CLUTRR (Compositional Language Understanding and Text-based Relational Reasoning) is the diagnostic benchmark for inductive reasoning over kinship relations — testing whether models can learn compositional rules from text (Mother of Father = Grandmother) and systematically generalize them to longer relationship chains never seen during training, directly probing the length generalization failure of transformer architectures.
What Is CLUTRR?
- Origin: Developed by Sinha et al. (2019) at Mila/McGill University.
- Format: Short natural language stories describing family relationships → question about an unseen kinship relation.
- Key Property: Train on relationship chains of length 2-3, test on chains of length 4-10.
- Kinship Relations: Covers 20+ relations — parent, child, sibling, spouse, grandparent, grandchild, aunt, uncle, niece, nephew, cousin, and combinations thereof.
- Scale: Automatically generated — unlimited training examples by construction; test sets at each chain length.
Example (2-hop training vs. 5-hop testing)
2-hop training story:
"Sarah gives her son John a birthday card.
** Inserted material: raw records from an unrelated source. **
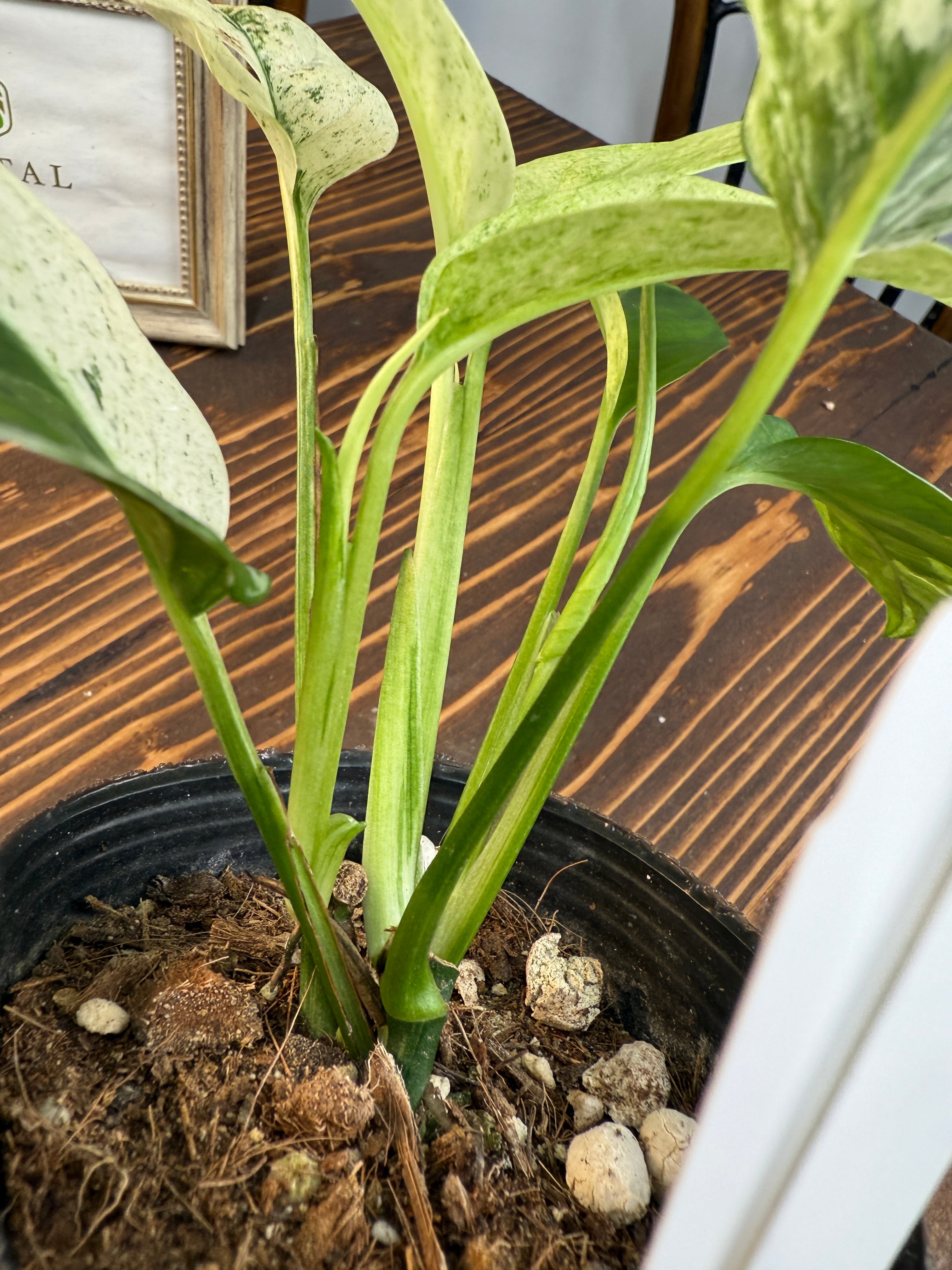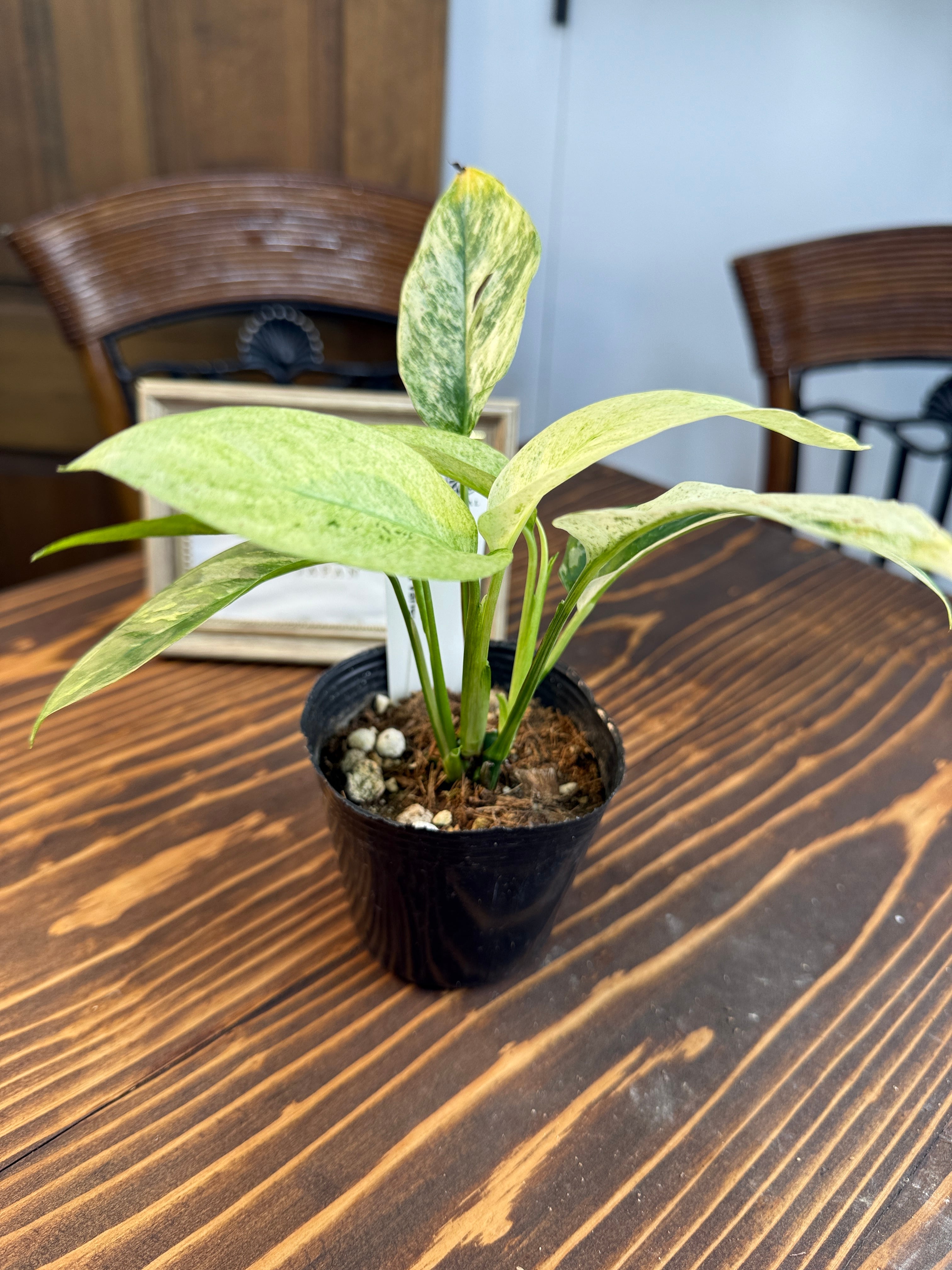 モンステラ ラニアータ バリエガータのサイズは、約15cm程度の健康的な苗を厳選してお届けいたします。この優雅な斑入りの葉は、どんなインテリアにも重厚感を添え、個性的な存在感を演出します!
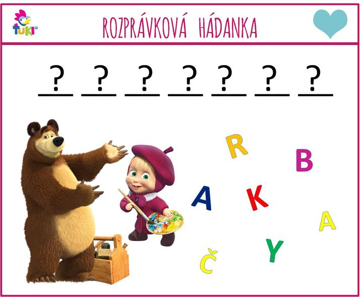 Krásne ránko 🙂 Tento raz bude prebúdzačka za 2 #srdiecka ❤ spočívať v tom, že z písmeniek na obrázku treba poskladať slovíčko, ktoré má niečo spoločné s rozprávkou "Máša a medveď" 🙂 Ak sa vám príbehy o tejto malej výmyselníčke a jej kamošovi medveďovi páčia, stačí prepnúť o 19:15 na Ťuki TV 🙂 Prajem pekný deň 🙂
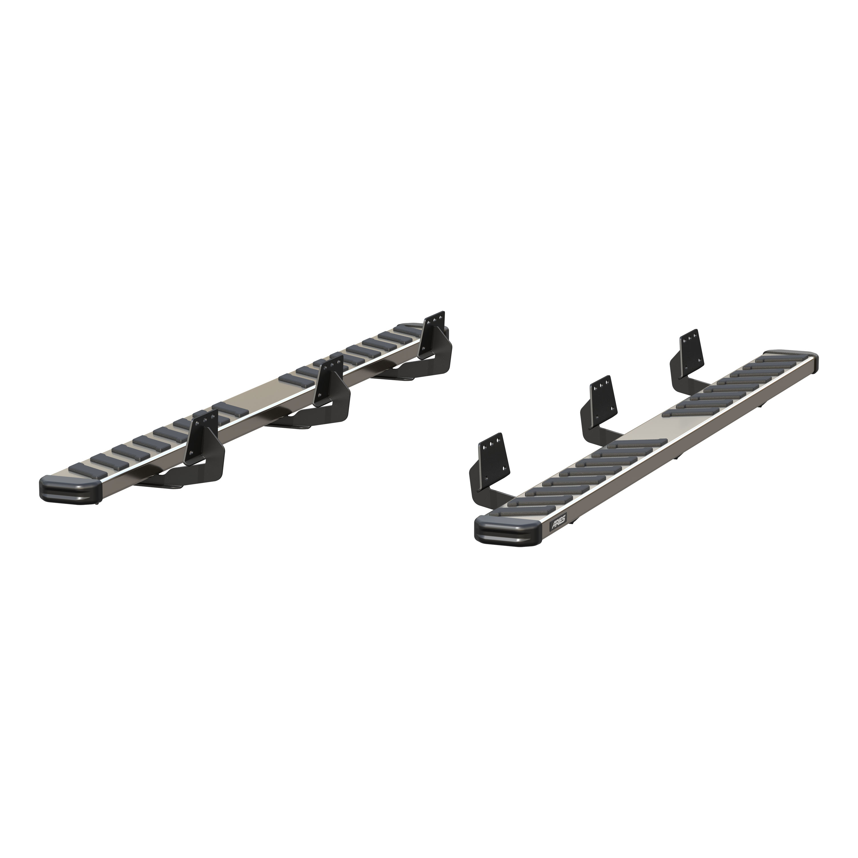 Upgrade your vehicle with the perfect balance of bold style and everyday functionality. The ARIES® NovaTrac™ Running Boards are engineered to offer a sleek, OE-inspired look while delivering superior strength and safety for every journey. With their 6" wide, streamlined profile, NovaTrac™ running boards offer safe footing without sacrificing style. Each running board is reinforced with extra-wide, non-skid step pads, designed to provide secure traction no matter the weather. Built from rigid steel with a carbide black powder coat finish, NovaTrac™ running boards combine lasting shine with exceptional rust and corrosion resistance, ensuring years of dependable use. Durable TPO plastic end caps add a refined finishing touch, while enhancing resilience against wear and tear. Whether you're upgrading for function or style, NovaTrac™ running boards offer an easy, custom solution for your vehicle. VersaTrac™ mounting brackets sold separately.
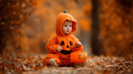 A delightful scene of a cute toddler dressed in a pumpkin costume, sitting on colorful autumn leaves, holding a pumpkin-shaped bucket amidst a beautiful fall landscape.
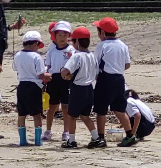 6月26日、梅雨の晴れ間に、1,2年生は白鶴浜に行ってきました。貝殻を拾って見せ合って楽しみました。海遠足に向けて気持ちも高まっています。
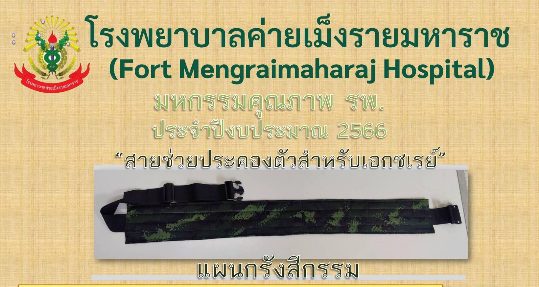 เนื่องจากมีผู้ป่วยสูงอายุเคลื่อนไหวตัวลำบากและขึ้นเตียงได้ยาก ญาติผู้ป่วย/เจ้าหน้าที่ต้องคอยมาช่วยประคองตัวทำให้เสี่ยงต่อการได้รับรังสีมากเกินความจำเป็น ผู้ป่วยไม่มีญาติคอยช่วยประคองตัวขณะถ่ายภาพเอกซเรย์ เจ้าหน้าที่ปฏิบัติงานนอกเวลามีจำนวนน้อย การจัดท่าผู้ป่วยค้อนข้างยาก ผู้ป่วยอยู่ไม่นิ่ง มีการขยับตัวขณะเอกซเรย์ ทำให้ภาพถ่ายเอกซเรย์ไม่ชัดเจน จึงมีการคิดค้นนวัตกรรม สายช่วยประคอมตัวสำหรับ X-ray ขึ้นมา เพื่อให้ เจ้าหน้าที่ปฏิบัติงานนอกเวลาสามารถจัดท่าผู้ป่วยที่เคลื่อนไหวตัวลำบากให้ทำงานได้สะดวกข
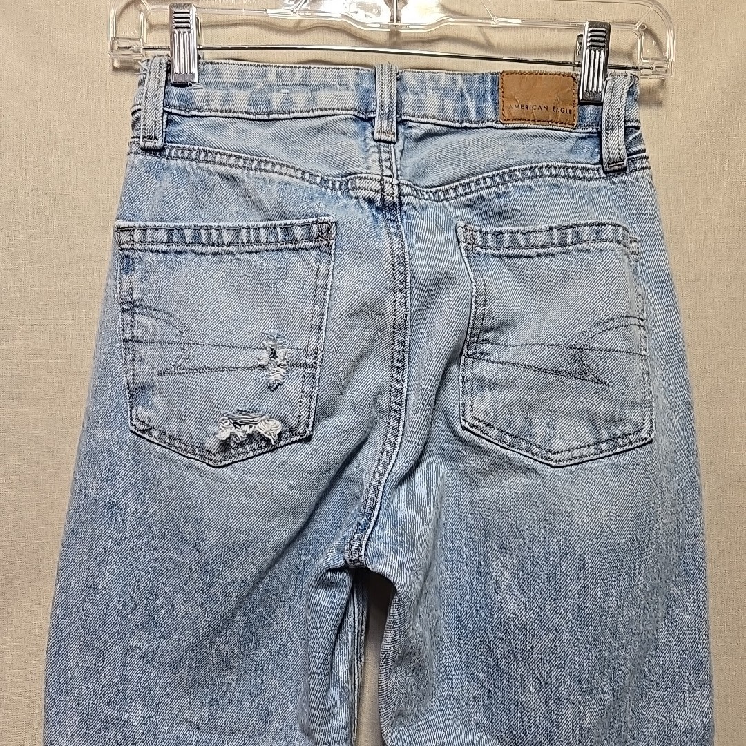 как выглядит American Eagle Mom Jeans 00 Distressed Light Wash Straight Leg 27 Inseam фото
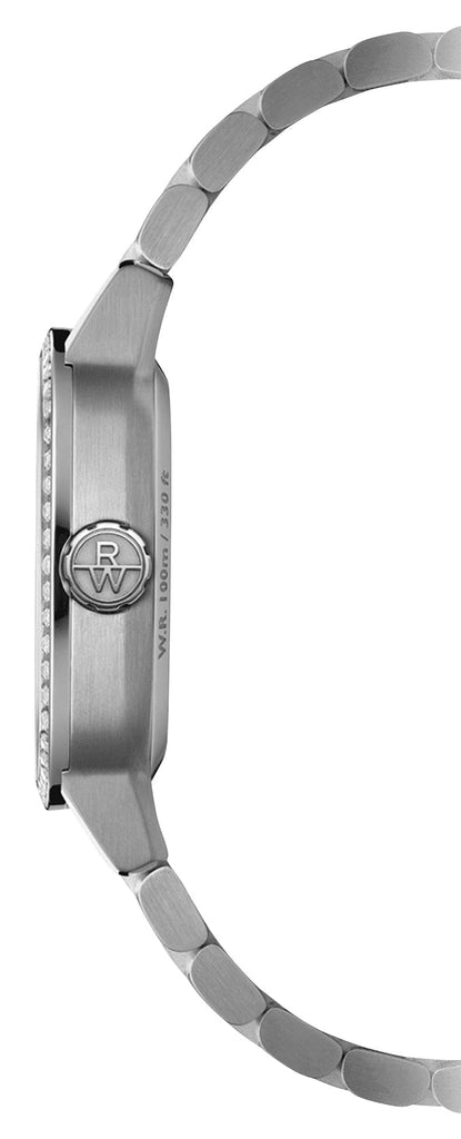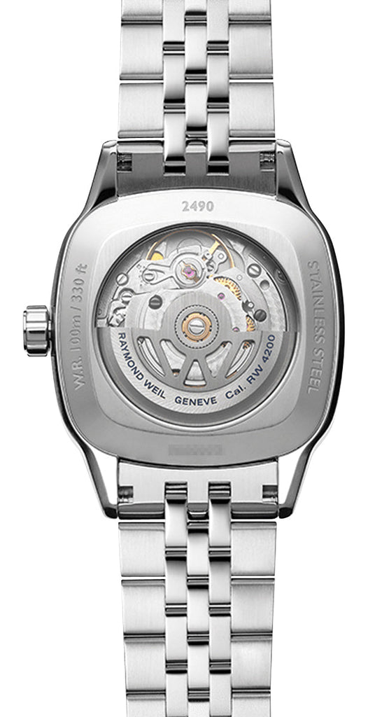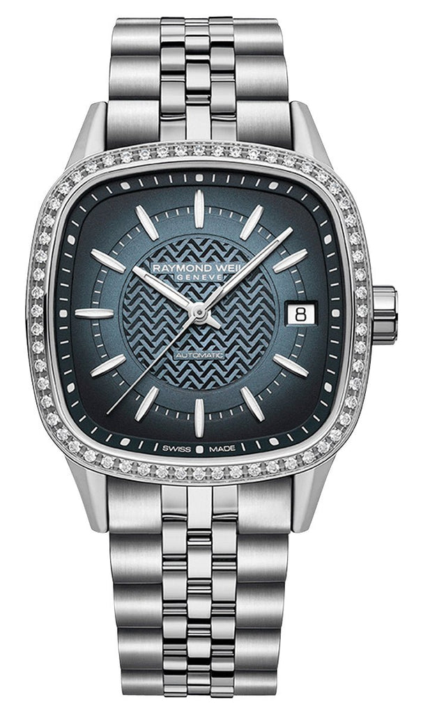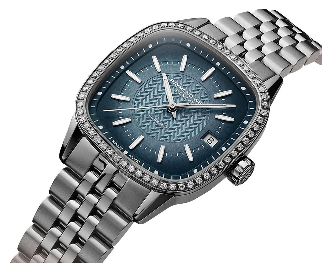Created in honor of the free-spirited man combining classic and modest to create a harmonious and unique design. A new interpretation of the form watch that elegantly transcends convention, this ladies' Freelancer is the next evolution of its automatic collection. It features a 34.5 x 34.5 mm stainless steel cushion-shaped square case with a fixed diamond-set bezel embellished with 60 sparkling diamonds totaling 0.399 carats. It holds a mesmerizing gradient blue dial under a scratch-resistant sapphire crystal, its signature 'W' guilloche is a nod to the Raymond Weil brand, and captivates the lighter-colored center with subtle shades, gradually turning to an almost black outer section. It has silver-tone and luminescent barrel hands and applied indices as hour markers, which are laid out along the recessed inner railway minute track. A beveled date aperture sits at the 3 o'clock position adjacent to the fluted crown. It is fitted with a stainless steel bracelet and secured by a folding clasp with double push-security system. This watch has an exhibition caseback showcasing the caliber RW4200, a Swiss automatic movement beating at 28,800 vibrations per hour, generating up to 41 hours of power reserve and is water-resistant up to 100 meters/330 feet.
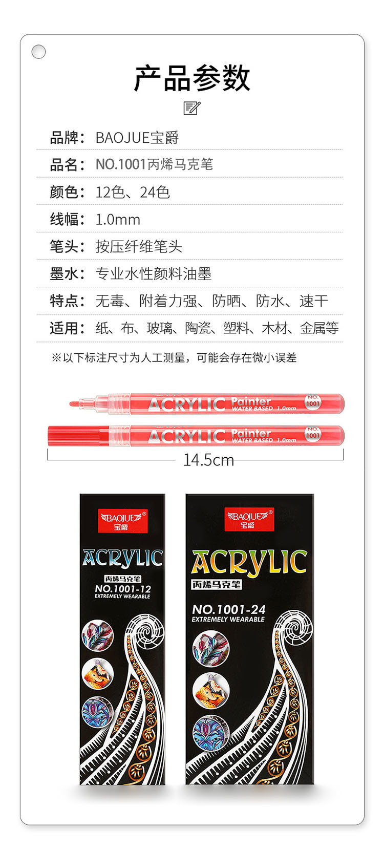 Baoke 550 pintura metálica pluma marcador de oro plata tarjeta de felicitación título DIY álbum artesanía pluma papelería
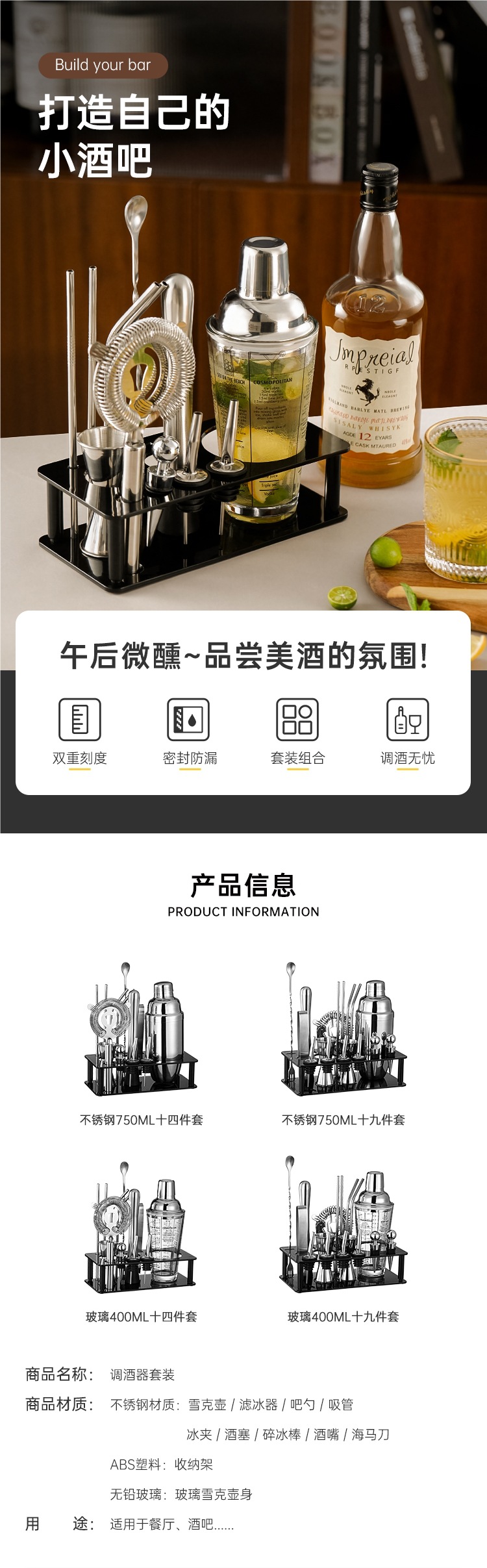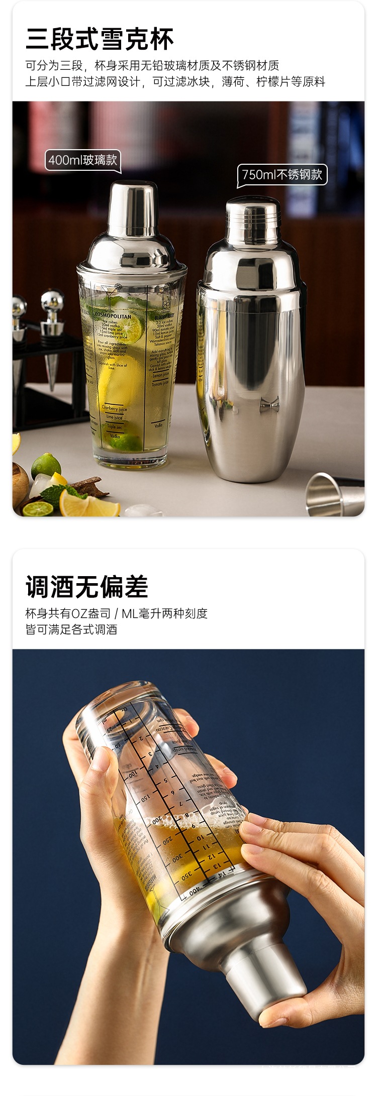 • [14종 완전한 바텐딩 도구 세트] 400ml 유리 셰이커 컵.

John introduces Mary as his daughter."
Question: "What is Sarah to Mary?"
Answer: Grandmother.
Derivation: Sarah → (mother of) → John → (grandfather of / parent of) → Mary (granddaughter). Wait: Sarah is mother of John. John is father of Mary. Sarah is Grandmother of Mary. ✓
5-hop test story:
"Linda hugged her nephew Travis. Travis went to visit his son Robert. Robert's sister is Nina. Nina is married to Kevin. Kevin waved to his mother Carol."
Question: "What is Linda to Carol?"
Answer: Requires 5 composition steps: Linda → (aunt of) → Travis → (father of) → Robert → (brother of) → Nina → (daughter-in-law's husband's sister → ...). Requires systematic rule application.
Why Length Generalization Fails
Transformers exhibit a well-documented failure mode: they can learn 2-3 hop compositions but fail catastrophically on 5-7 hops. The reason:
- Training Distribution Memorization: The model learns statistical associations between entity mentions and relation words, not general composition rules.
- Attention Dilution: As chain length grows, relevant attention heads must "bridge" across more intermediate mentions — attention weight diffuses.
- No Explicit State: The model has no external memory to track "current entity in the chain" — it must implicitly maintain this in residual stream activations.
- Exponential Rule Combinations: 20 base relations compose into 20×20 = 400 2-hop patterns, 8,000 3-hop patterns — the model cannot memorize all compositions explicitly.
Performance Results
| Model | 2-hop | 3-hop | 5-hop | 10-hop |
|-------|-------|-------|-------|--------|
| RoBERTa-large | ~98% | ~82% | ~48% | ~22% |
| Graph Neural Network | ~99% | ~95% | ~78% | ~45% |
| GPT-4 (few-shot CoT) | ~99% | ~97% | ~89% | ~68% |
| Symbolic solver | 100% | 100% | 100% | 100% |
Why CLUTRR Matters
- Systematic Generalization: The "Holy Grail" debate in cognitive AI — do deep networks learn rules or memorize instances? CLUTRR provides a clean empirical answer: they memorize, and fail to generalize on length.
- Compositional Intelligence: Human understanding of "my father's sister's son is my cousin" is immediate and generalizes to any chain length — CLUTRR quantifies how far AI falls short of this.
- Architecture Research Driver: CLUTRR results drove research into memory-augmented transformers, graph neural networks, and neuro-symbolic hybrids as alternatives to standard attention for relational reasoning.
- Inductive Rule Learning: Unlike deductive benchmarks (LogiQA), CLUTRR tests induction — learning the rule parent(X,Y) ∧ parent(Y,Z) → grandparent(X,Z) from text examples.
- Genealogy and Knowledge Graphs: Real-world applications in genealogy reconstruction, knowledge graph completion, and social network analysis require exactly this compositional kinship reasoning.
CLUTRR is automated genealogy as a reasoning stress test — using the universally understood domain of family relationships to precisely measure whether AI can learn logical composition rules that generalize to arbitrarily complex kinship chains, or whether it memorizes training configurations and fails when the chain grows longer than it has seen before.